It should have been comforting, to hear her own feelings in Caroline’s words. But instead, she felt her own anger and wishes and doubts—everything she’d been fighting to suppress since the day she’d booted up Ecca’s old desktop—rising up to meet them.
“Does it bother you?” Caroline persisted. She looked so earnest, Sela didn’t know whether to hug her or upend the room service cart in her lap. “That there’s a chance she knew?”
Did it bother her? As if Caroline were the only one perceptive enough to try to connect the dots? As if Sela cared only about the future, even if she might barely have one?
“No chance about it,” she snapped. “Hannah knew, all right.”
Caroline’s face fell, more disappointed than surprised. But then, curiosity took over. “How are you so sure?”
Don’t do this, she told herself. Especially not now. This was only a quick breakfast—meant to be a treat. Caroline could have easily sneaked out without disturbing her, but instead, she’d ordered for two and stayed. Any minute, she had to dash off, start her workday. And they still had tonight to talk.
Only, they weren’t supposed to be talking about this at all.
“Just for the reasons you said.”
But Caroline was squinting at her, seeing more than Sela wanted her to.
Seeing her.
“You know something. You saw something?”
“I’m just agreeing with you. Speculating.”
“Please.” Caroline drew up in her chair. So flat-ironed where Sela was finger-combed, so powdered and polished where Sela was blotchy and rough. All Sela could think was that Caroline was so much more ready to face the world and so much less aware of how unfaceable it could be. “Be straight with me. I need to know that you of all people will be.”
Of all people? Why? Why her?
“Especially after the way our last visit ended.”
Ah.
But what was that way, exactly? With the truth, and the rejection of everything it might lead to? Which one of them had the visit ended worse for?
Sela jumped to her feet, tipping her chair backward onto the kitchenette tile with a clatter. Her chest heaved with the effort as she stood looking down at her sister, watching her breathe so much easier.

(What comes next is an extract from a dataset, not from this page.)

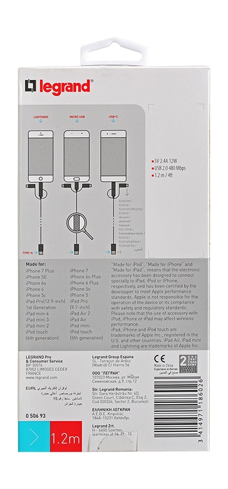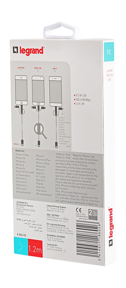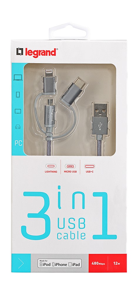 Legrand - Cordon USB Type-A vers micro USB , USB C et Lightning - 050693

“I know,” she wheezed, “because your mother said so.”
29
Caroline
Caroline must have read the printout of the email ten times, start to finish, before she dared lift her eyes to meet Sela’s. Sela had folded the bed back into the couch and sat there now, chin on hands, staring into the silence between them.

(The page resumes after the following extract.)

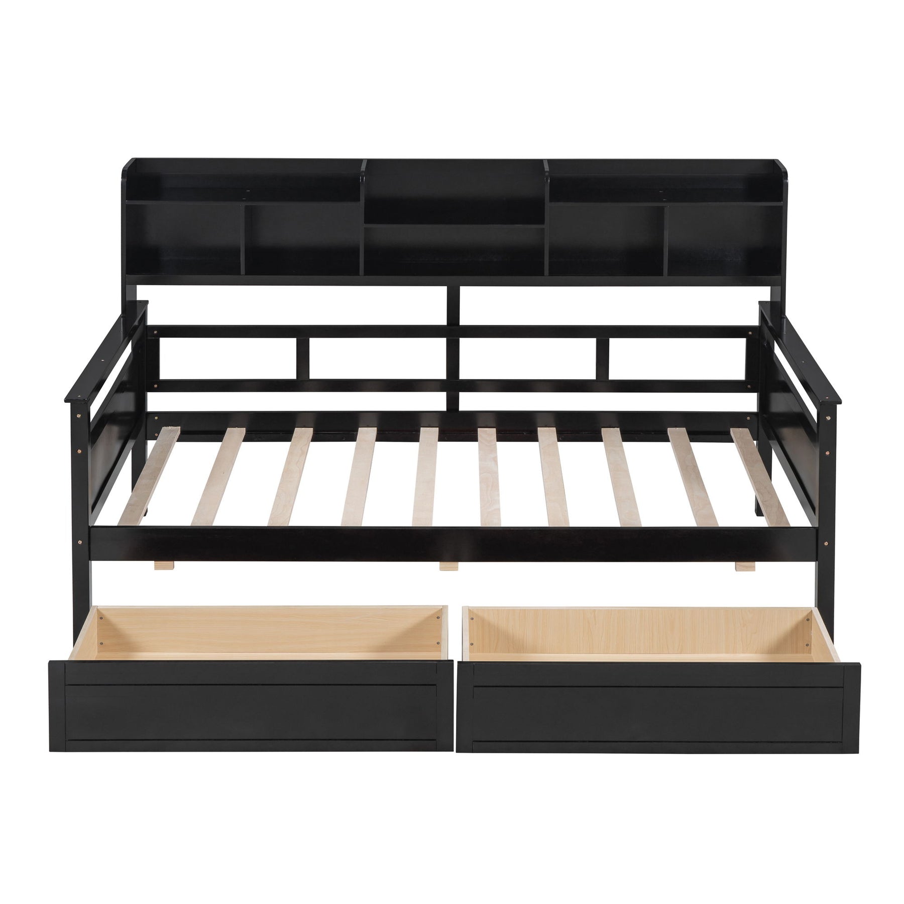 Twin Size Daybed, Slat Support, With Bedside Shelves And Two Drawers - Espresso

“You say you didn’t plan to tell me about this, and yet you have it with you.” Caroline didn’t tame the accusation. Her fury was too hot to hold, and the only person in scorching distance was Sela.
I can’t even bring myself to type your name, Mom had written, but here we are.
“I had to print it. I didn’t know if that ancient computer would ever boot up again.”
“But you have it with you.”
“I didn’t know if you might’ve found the same, or something else … if there was a chance that’s why you asked me here.” The don’t-kill-the-messenger approach. It might have worked, had the messenger not been operating independently. “I stuck it in my bag in case you brought it up, not because I planned to.”
Caroline didn’t want to believe that the email was real, that what it said was true. But she recognized Mom’s voice—so sure she was right, so polite in her hostility.
There’s never been anything you could do that would help set things right between us. Until now.
As if she were right there whispering the whole thing.
“Is this a copy? Can I keep this?”
Sela nodded, and without hesitation, Caroline crumpled the paper between her fists, slamming it onto the table with a bang. Both women startled at the noise.
“What my mom wanted, your mother made happen. She could have said no!”
You don’t want her, or Fred, or least of all me down there any more than I do.
“She wanted to say no. There were other replies she didn’t send, asking Hannah to reconsider—but in the end, Ecca felt she owed her.”
Stop groveling, for pity’s sake, move on, ease your conscience.
“Yeah, for sleeping with my dad!”
Sela looked like a church lady who’d stumbled into Coyote Ugly and couldn’t find the exit fast enough. As if she’d never imagined anyone could speak such ill of her precious Ecca.
Mine will be a bit heavier for this, but I guess that’s the way it goes.
A bit heavier. A bit. Meanwhile, the weight of what she’d done had nearly crushed Caroline to death.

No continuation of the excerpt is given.